SEC Considers Shift to Semi-Annual Earnings Reporting

SEC Considers Shift to Semi-Annual Earnings Reporting

The U.S. Securities and Exchange Commission (SEC) is in the process of making a significant rule change. If passed, this would allow publicly-traded companies to cut their earnings reports from delivering results every three months to twice a year. In a recent interview on CNBC’s “Squawk Box,” SEC Chair Paul Atkins gave us a glimpse of that change. He reiterated the intention behind the proposal to reward companies that prioritize long-term planning and strategy.

Now, the rules require that public companies report out on their profits every quarter. Moreover, as Atkins pointed out, foreign private issuers are already on a semi-annual reporting schedule. This has lead to calls to expand this practice to U.S. firms. Proponents of the measure say a six-month disclosure period will allow companies to focus on their larger business planning. This new paradigm would free them up to escape the temptations of short-termism.
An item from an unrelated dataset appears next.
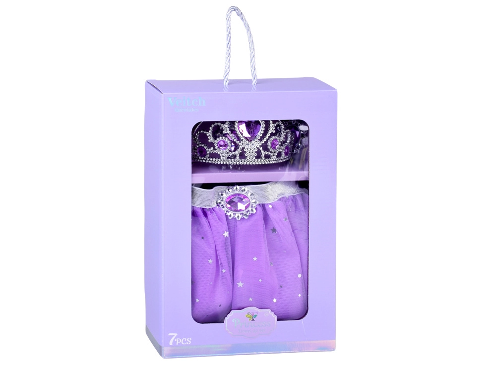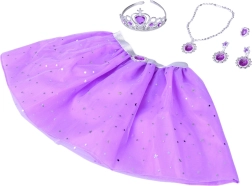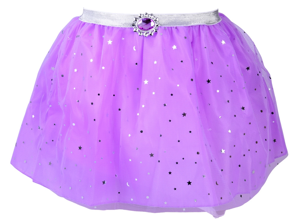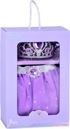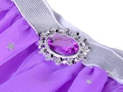Превърнете всяко преобличане във вълшебен бал. Лилавата тюлена пола със сияйни звезди и полумесеци очарова от пръв поглед, а сребърната корона, колието, пръстенът и висящите обеци с лилави камъчета допълват кралската визия. Еластичната талия осигурява удобство и лесно обличане.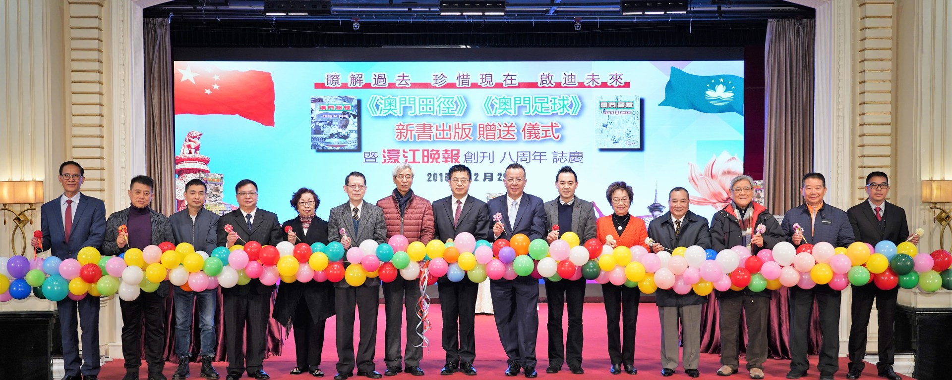 澳門田徑》、《澳門足球》新書出版贈送儀式暨濠江晚報創刊八週年誌慶十二月廿九日下午假萬豪軒酒家舉行,中央人民政府駐澳門聯絡辦公室宣傳文化部部長萬速成,民政總署管委會主席戴祖義,行政會發言人梁慶庭,體育局代局長劉楚遠,澳門基金會行政委員區榮智,全國政協委員、澳門婦女聯合總會會長賀定一,華僑報社長鄭秀明,澳門體育總會聯合會主席陳永傑,澳門蓮花衛視台長李自松,澳門田徑總會理事長林顯富,濠江晚報董事程炳濓、關偉霖及董事長賴百齡代表麥炳耀、社長兼總編輯許焯勝出席並主持開幕禮,場面熱鬧溫馨。

Over the last several years, the business community has waged a passionate fight against the short-termism induced by quarterly reporting. It too frequently fuels a demand for myopic, immediate results. Atkins stated. This sentiment aligns with the views expressed by former President Donald Trump, who advocated for the transition to semi-annual reporting, asserting it would “save money, and allow managers to focus on properly running their companies.”
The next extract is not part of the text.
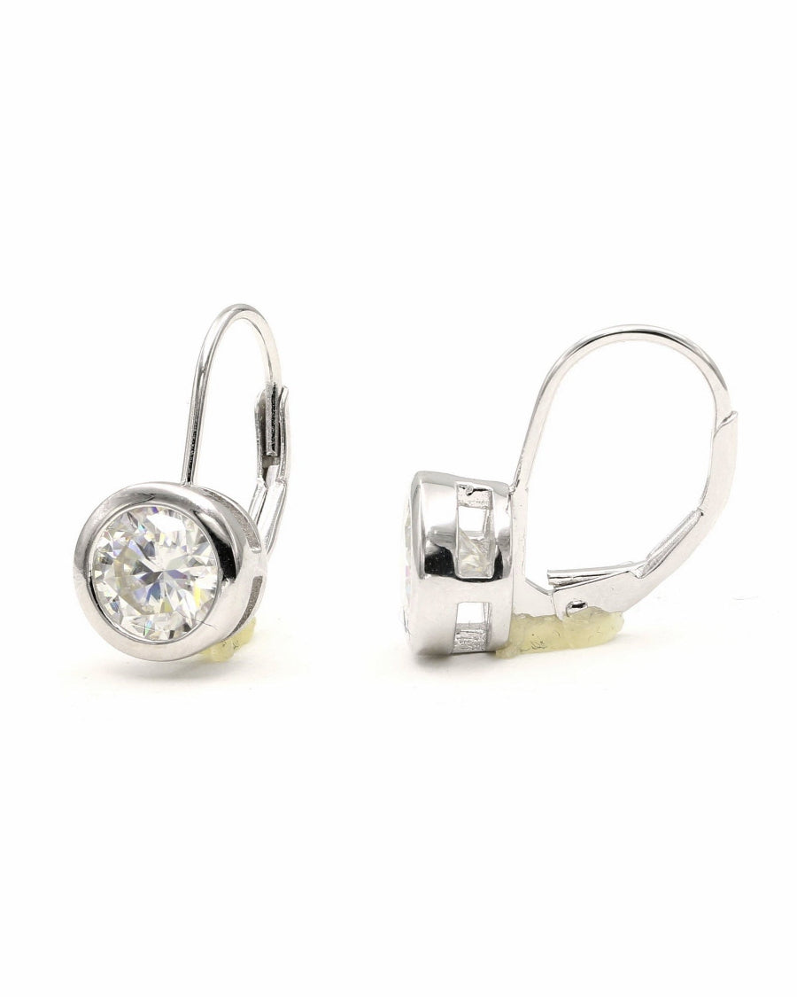 925 Sterling Silver Round Bezel Dangel Moissanite Earrings

The Long-Term Stock Exchange (LTSE), a trading platform dedicated to supporting long-term corporate growth, has endorsed less frequent earnings reporting. By moving to a semi-annual schedule, businesses can better synchronize their operations cycles with sustainable long-term growth trajectories. This new approach gets them out from under the thumb of the quarterly performance expectation.

Atkins elaborated on this point, noting that the SEC could approve the proposed rule change within weeks. If it does, corporations will still have the ability to choose whether to convert to semi-annual reporting or remain on their current quarterly routine. This flexibility supports firms in selecting the reporting cadence that aligns most with their operational priorities and stakeholder interests.

Earlier this year, Norway’s sovereign wealth fund proposed similar measures to shift towards semi-annual reporting, reinforcing a growing trend among institutional investors who prioritize long-term value over immediate financial results. The SEC’s consideration of this rule change reflects a broader acknowledgment of the potential benefits of reducing the frequency of earnings disclosures.

“I welcome that posting by the president, and I have talked to him about it,” Atkins remarked regarding Trump’s advocacy for the proposal. He stressed that the industry truly has the prerogative to determine what reporting cadence is appropriate. This is a win for shareholders and public companies alike.